STARANZANO. Sono sempre in allerta le aree naturalistiche delle Riserve regionali, in particolare Cona e Valle Cavanata, dopo che il 30 dicembre scorso l’Istituto Zooprofilattico sperimentale delle Venezie di Padova, sede del Centro di referenza nazionale per l’aviaria, ha confermato una positività per virus influenzale tipo A, sottotipo H5N5 su un esemplare di fischione-Anas penelope (detto “ciosso” nel dialetto veneto; “cioss” in bisiaco), trovato morto a Grado, nella Valle Artalina.

«Durante un normale controllo della fauna selvatica da parte mia e della Forestale abbiamo trovato l’animale», racconta Ferruccio Polo, responsabile della gestione della valle. Era una morte naturale, non era stato colpito da qualche cacciatore. «Siccome era integro la Forestale ha voluto farlo analizzare», aggiunge Polo. Una consuetudine confermata anche dal professor Mauro Delogu, docente al Dipartimento di Scienze Mediche Veterinarie dell’Università di Bologna, uno dei massimi esperti nazionali in materia, che da oltre due anni specie all’Isola della Cona esegue prelievi sui volatili. «Nei piani di monitoraggi nazionali sull’influenza - dice Delogu - è prevista anche la raccolta degli animali trovati morti e portati agli Istituti zooprofilattici. Per il ministero si chiama “sorveglianza passiva”. In genere si utilizza quando si tratta di morti sospette».

L’esperto chiede di non fare allarmismi: «Oggi si confonde il termine aviaria tra i virus scoperti negli uccelli e quelli dell’aviaria del 2005, che invece erano virus capaci di aggredire l’uomo. In questo caso al massimo potrebbe colpire il pollame e comunque rimane confinato tra gli uccelli selvatici ed eventualmente tra gli animali domestici». Quindi nessun tipo di trasmissione all’uomo? «Vorrei innanzitutto tranquillizzare. Salvo prova contraria, direi proprio di no, si diffonde - spiega l’esperto - solo tra animali selvatici. L’unico virus H5 capace di fare questo, dimostrato a oggi è solo l’H5N1, quello del 2006-2007 di Hong Kong». Il monitoraggio quindi si sposta sulle riserve naturale popolate da migliaia di uccelli. «L’anno scorso abbiamo effettuato monitoraggi sulla ricerca sull’ecologia dei virus, essendo quest’oasi molto adatta perché è una via di incroci di migratori verso l’Est Europa e strategica per noi - racconta Delogu - Abbiamo campionato centinaia di anatre selvatiche, indagini e il sottotipo incriminato H5N5 non era mai presente. L’ultimo campionamento è stato fatto il 20 dicembre, abbiamo analizzato tutti il materiale prelevato da germani reali che vivevano alla Cona, inanellati, liberi, soggetti selvatici che rivengono temporaneamente catturati, erano anch’essi negativi».

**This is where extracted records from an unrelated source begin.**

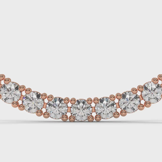 Make the ultimate luxury statement with this 17.50 Carat Total Weight Diamond Tennis Necklace. Hand-set round brilliant diamonds in 14K rose gold create a radiant single-row design that shines from every angle.
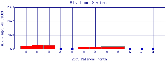Select on the parameter name to view all Total Alkalinity time series plots on the basin map. Select on the table date to view stream Total Alkalinity profiles observed on that date. Select here to view all parameters at this site.
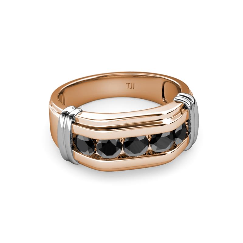 Black Diamond 5 Stone Men Wedding Ring 0.55 ctw 14K Rose Gold More Details ...
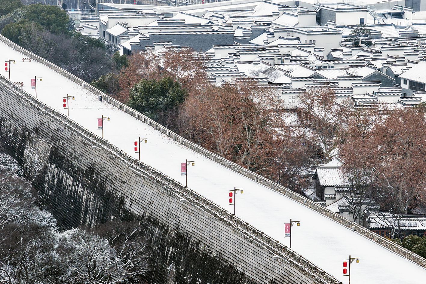 1月20日,雪落南京“扮靓”古城。图为航拍雪后的明城墙与民居。(中新社)
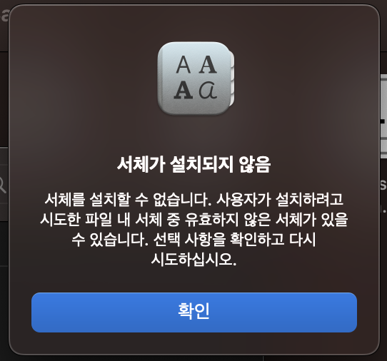 서체 설치가 안됩니다. 유효성 문제라고 뜰 때도 있고 아무것도 안 떠도 설치가 전혀 안되는데, 설치 할 수 있는 방법을 알려주실 수 있나요?
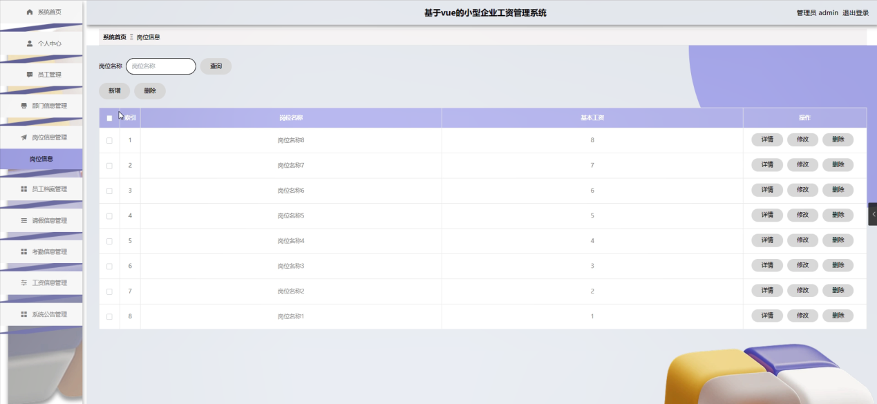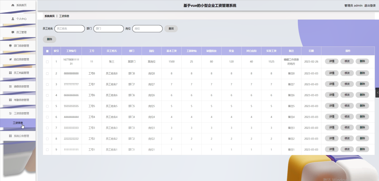 利用电脑网络的这些便利,发展一套小型企业工资管理系统,将会给用户带来更大的效益,而在管理效能上,也必然会有很大的方便!这样可以节省大量的时间和金钱。本系统在小型企业工资管理中不可或缺的一环。该系统主要完成了个人信息修改,对员工管理、部门信息管理、岗位信息管理、员工档案管理、请假信息管理、考勤信息管理、工资信息管理、系统公告管理等功能进行管理。方便了管理员随时随地,只要电脑联网,就能对小型企业工资进行管理。同时,还可以方便快捷查询自己的小型企业工资信息。
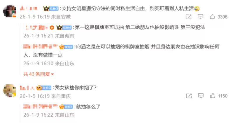 演员向涵之因在棋牌室抽烟发布道歉声明 演员向涵之因在棋牌室吸烟的行为,成为近日网络热议的话题。1月9日,向涵之通过个人微博发表道歉声明,表示其在室内抽烟不仅影响了他人,也带来了不良示范效应,对此深感抱歉。 此事源于1月5日,有博主拍摄到向涵之与朋友在棋牌室打麻将时吸烟的画面,随后相关话题迅速登上热搜。 向涵之在声明中强调,会认真反省自己的不当行为,并感谢粉丝和网友们的提醒和支持。此次事件反映出公众人物在社交场合的行为确实具有广泛的社会影响力,需要更加自律和谨慎。
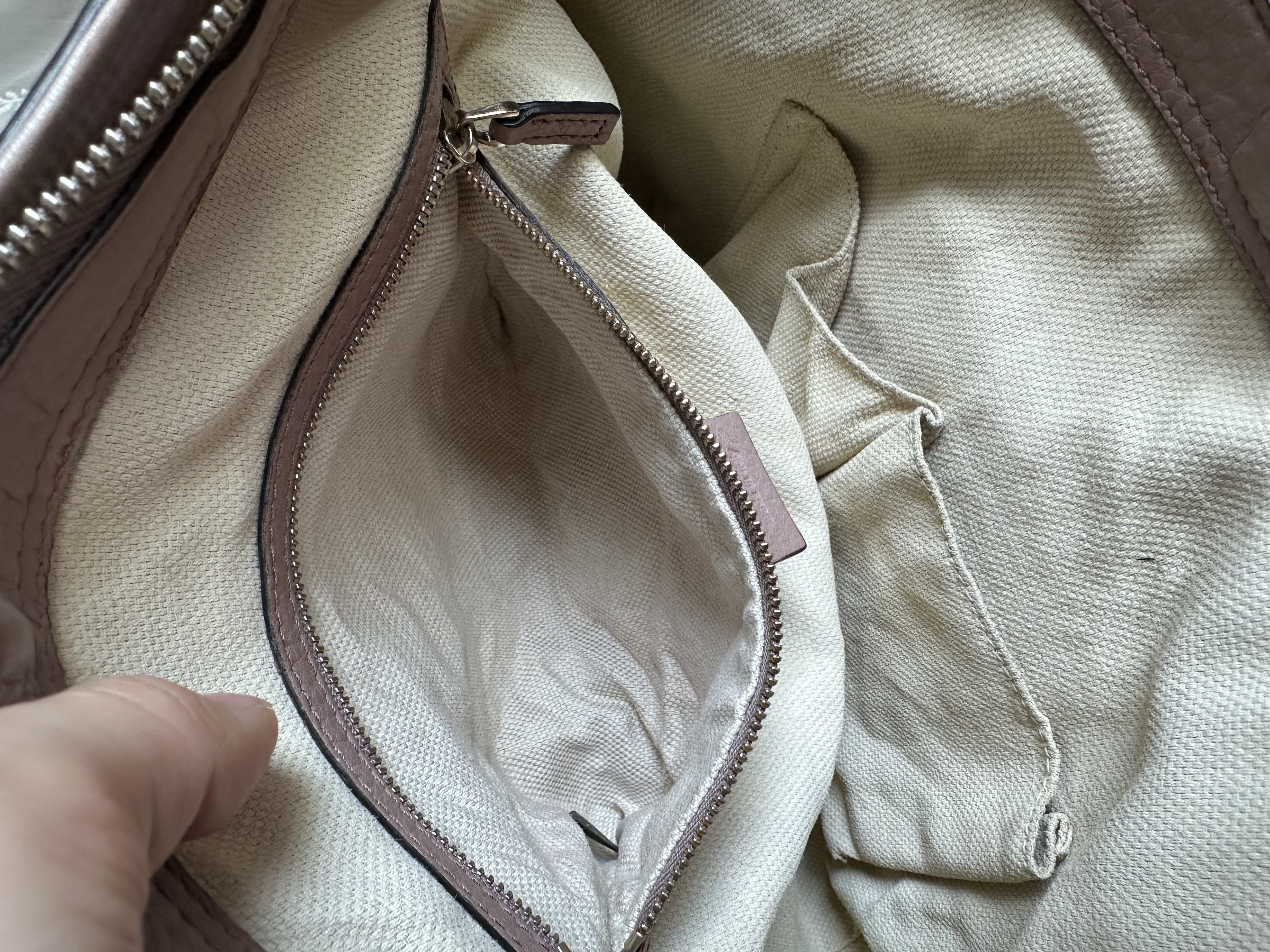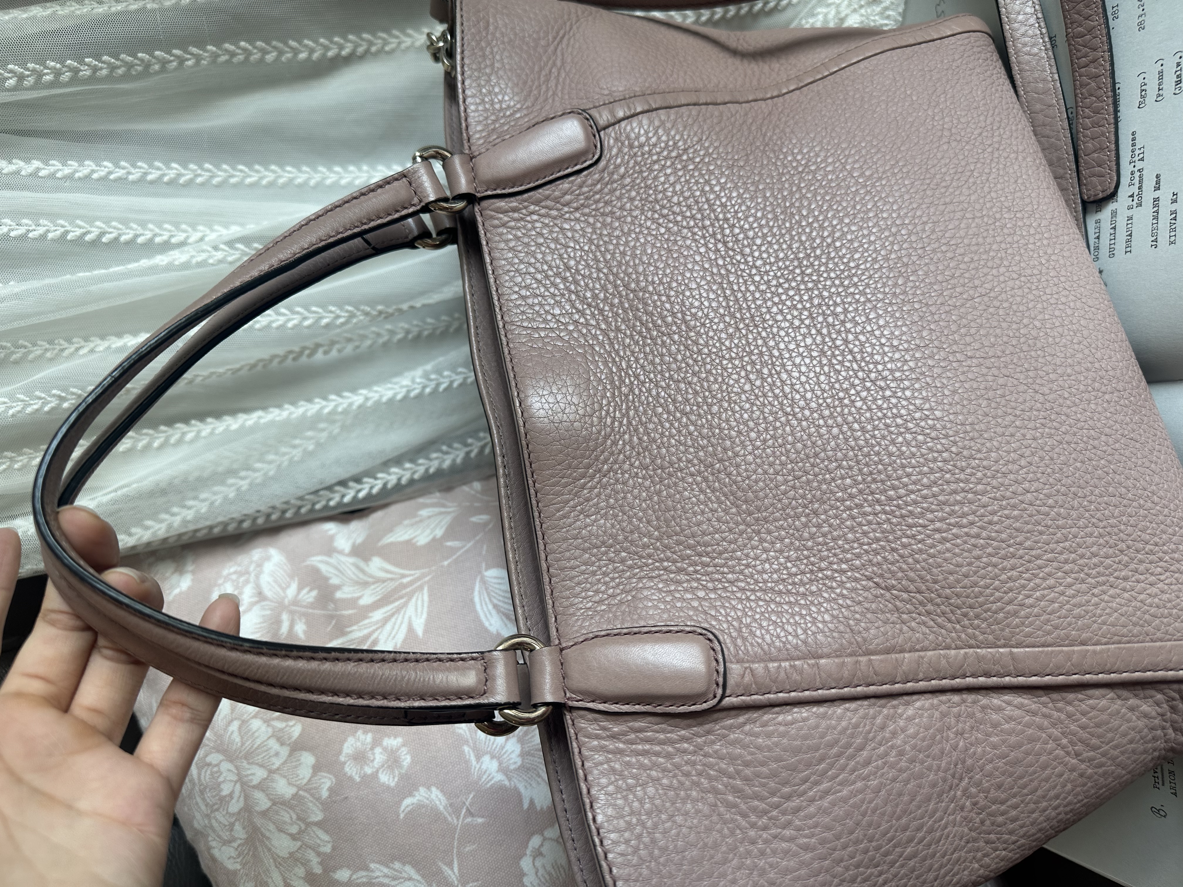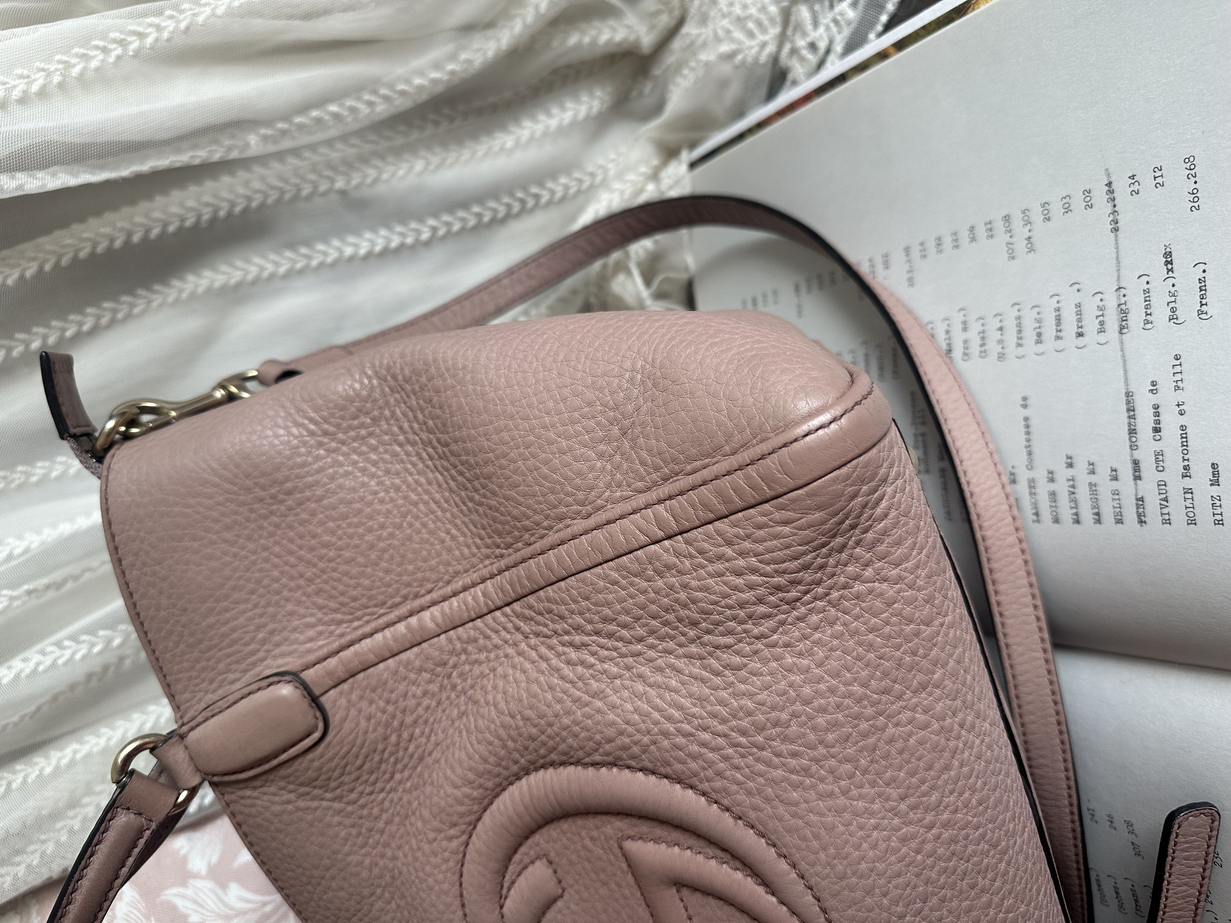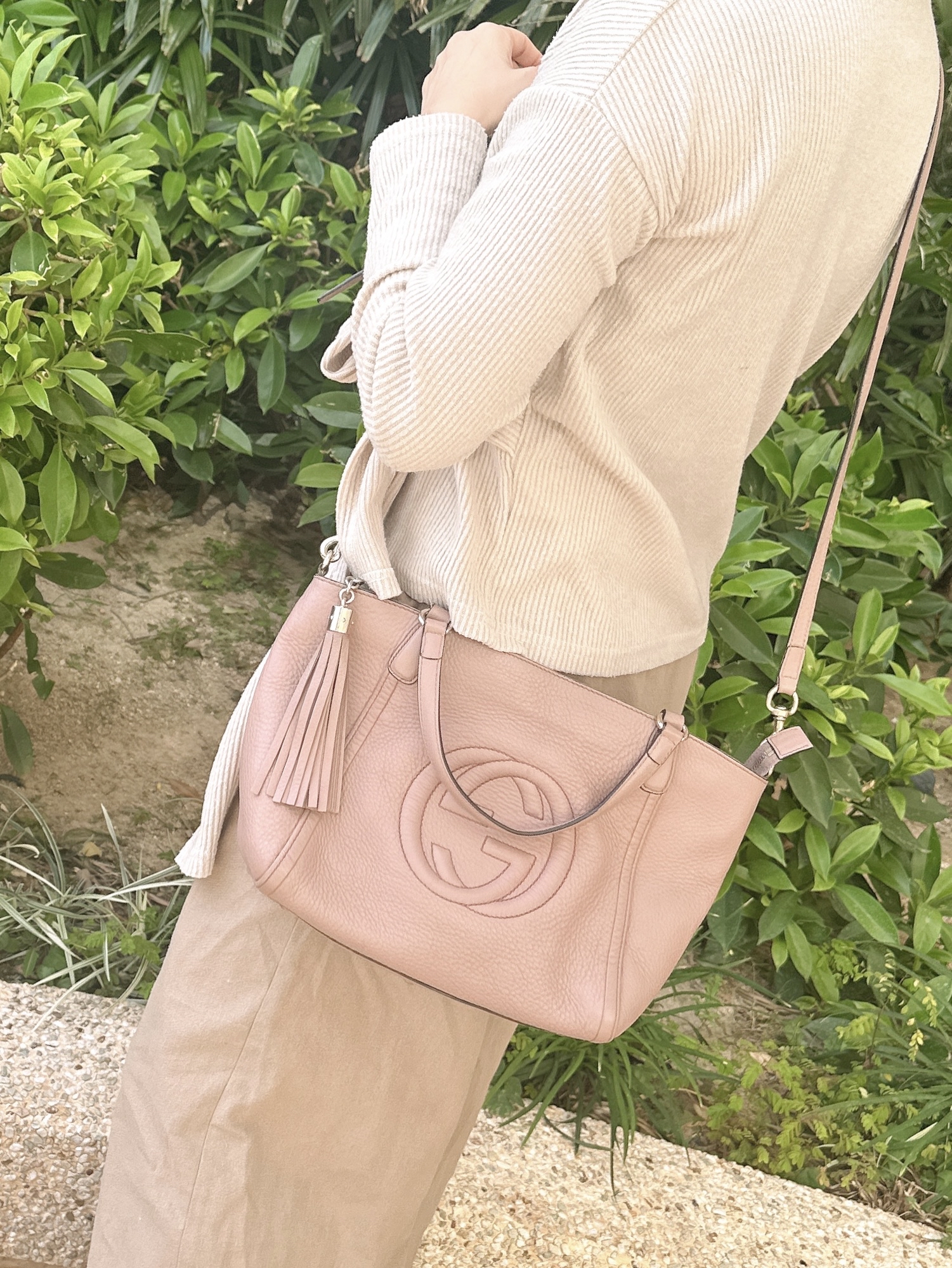 超靚櫻花粉Gucci Pink Soho Cellarius tassel tote bag 可上膊/crossbody💓🌸 非常新淨 Gucci Pink Soho Cellarius tassel tote bag 狀態:袋外93新/袋內93新 配件:原裝長帶 Dimensions:26x21x13cm 🖤本店為香港零售管理協會會員/門市已開業9年連續多年正版正貨商戶2025編號 001176 付款方法:VISA / MASTER / AE / 銀聯 / UNION PAY /現金 /alipay ❤️門市提供恒生💳渣打💳滙豐💳AE 💳DBS 💳Citibank💳mox 信用卡✅免息分期✅ 📢本店只出售正版貨📢 ❤️歡迎親臨銅鑼灣門市😍 ❤️ 本門市已搬到銅鑼灣記利佐治街2-10號銅鑼灣地帶2樓237號鋪 Shop 237, 2/f, causeway place, 2 great george street, causeway bay

Come spiegare dunque il caso del fischione della valle Artalina? «Per l’animale trovato a Grado, con molta probabilità non si tratta neanche di un virus nell’area della riserva, ma proveniente dall’Est Europa - sottolinea Delogu - associato anche ai cambiamenti climatici di questi giorni, con l’abbassamento drastico delle temperature». Ecco che il direttore della Stazione Biologica della Cona, Fabio Perco, naturalista e docente universitario di Veterinaria, si concentra sul pericolo di possibili morie nell’ambito di allevamenti e l’ipotesi, già a suo tempo ventilata da alcuni ma fortunatamente non verificatasi, di una mutazione dei virus aviari ad alta patogenicità, mediata dagli allevamenti intensivi, tale da superare prima la barriera animale-uomo. «Uno scenario apocalittico, finora smentito dai fatti, che dovrebbe invitare a non diffondere inutili ed infondati allarmismi, come già avvenuto una decina di anni or sono. Quali sono le vittime causate dai virus? Gli stessi uccelli acquatici selvatici - spiega Perco - I virus se altamente patogeni, uccidono direttamente l’animale infetto. Un meccanismo di auto-selezione: uccidendo l’ospite, che in natura vive comunque a concentrazioni basse il virus elimina anche la possibilità di diffondersi. Diverso è il rischio negli allevamenti intensivi».